_Your assignment_
Could you copy exactly the lines below, beginning at the line with "穿汉服在长江御剑飞行女子发声" and stopping after the line with "70-56 | 58-65 | |", with no pictures?

_Exercise material_
------------------------

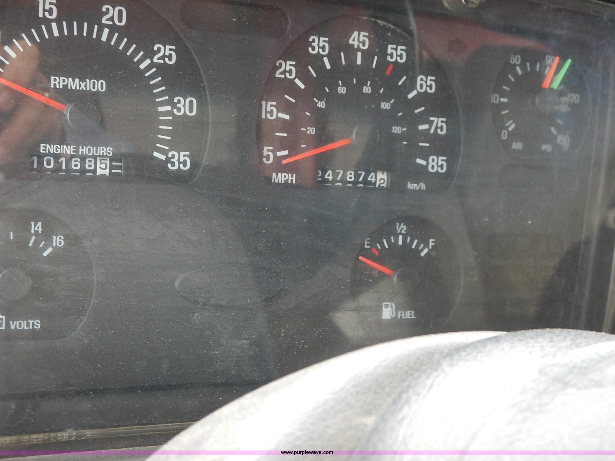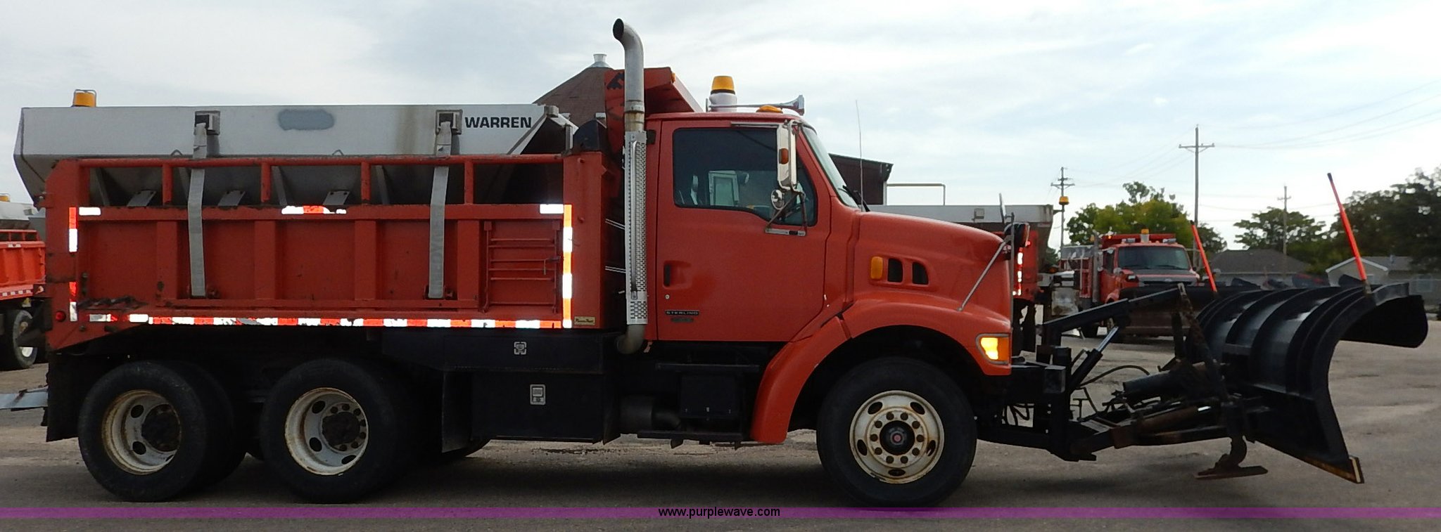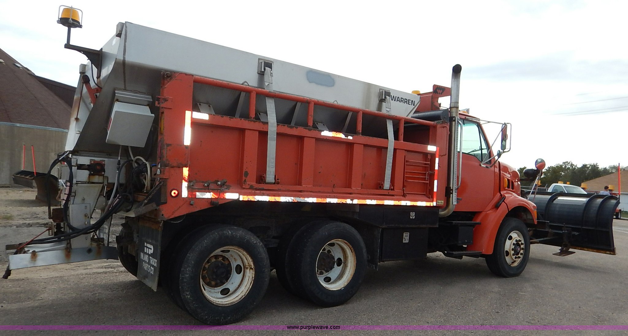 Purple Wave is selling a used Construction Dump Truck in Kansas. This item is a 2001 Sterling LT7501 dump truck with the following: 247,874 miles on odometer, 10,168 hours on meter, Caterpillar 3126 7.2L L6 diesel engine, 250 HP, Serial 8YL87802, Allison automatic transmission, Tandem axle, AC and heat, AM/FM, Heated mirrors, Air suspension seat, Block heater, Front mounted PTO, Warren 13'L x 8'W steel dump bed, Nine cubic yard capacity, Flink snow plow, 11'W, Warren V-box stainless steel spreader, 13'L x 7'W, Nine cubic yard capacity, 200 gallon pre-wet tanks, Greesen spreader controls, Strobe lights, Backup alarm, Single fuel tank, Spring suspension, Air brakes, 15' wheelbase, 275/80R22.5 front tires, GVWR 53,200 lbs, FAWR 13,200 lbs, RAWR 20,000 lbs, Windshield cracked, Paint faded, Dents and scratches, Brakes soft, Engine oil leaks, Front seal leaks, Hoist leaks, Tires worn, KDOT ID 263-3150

------------------------

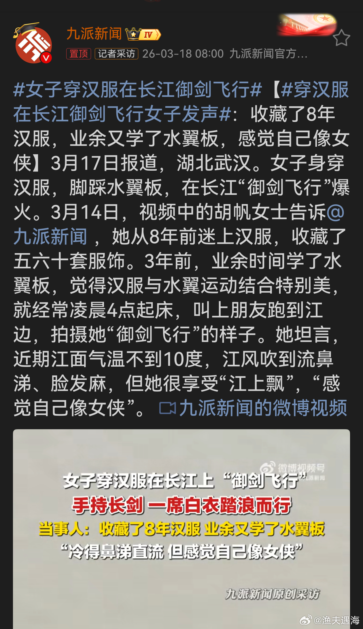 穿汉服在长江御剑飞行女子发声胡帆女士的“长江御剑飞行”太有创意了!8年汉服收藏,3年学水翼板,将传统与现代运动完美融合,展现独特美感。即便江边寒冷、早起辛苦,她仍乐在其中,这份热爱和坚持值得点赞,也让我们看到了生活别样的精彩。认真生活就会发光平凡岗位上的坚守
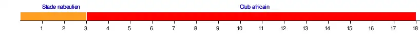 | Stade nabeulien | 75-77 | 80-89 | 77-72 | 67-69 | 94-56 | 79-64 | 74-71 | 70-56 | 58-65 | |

------------------------

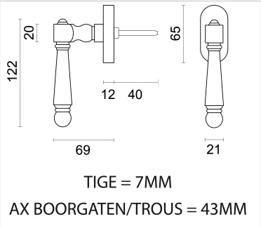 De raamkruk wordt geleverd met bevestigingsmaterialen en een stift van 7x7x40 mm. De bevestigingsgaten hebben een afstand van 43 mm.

------------------------

_Answer to the problem_
 穿汉服在长江御剑飞行女子发声胡帆女士的“长江御剑飞行”太有创意了!8年汉服收藏,3年学水翼板,将传统与现代运动完美融合,展现独特美感。即便江边寒冷、早起辛苦,她仍乐在其中,这份热爱和坚持值得点赞,也让我们看到了生活别样的精彩。认真生活就会发光平凡岗位上的坚守
 | Stade nabeulien | 75-77 | 80-89 | 77-72 | 67-69 | 94-56 | 79-64 | 74-71 | 70-56 | 58-65 | |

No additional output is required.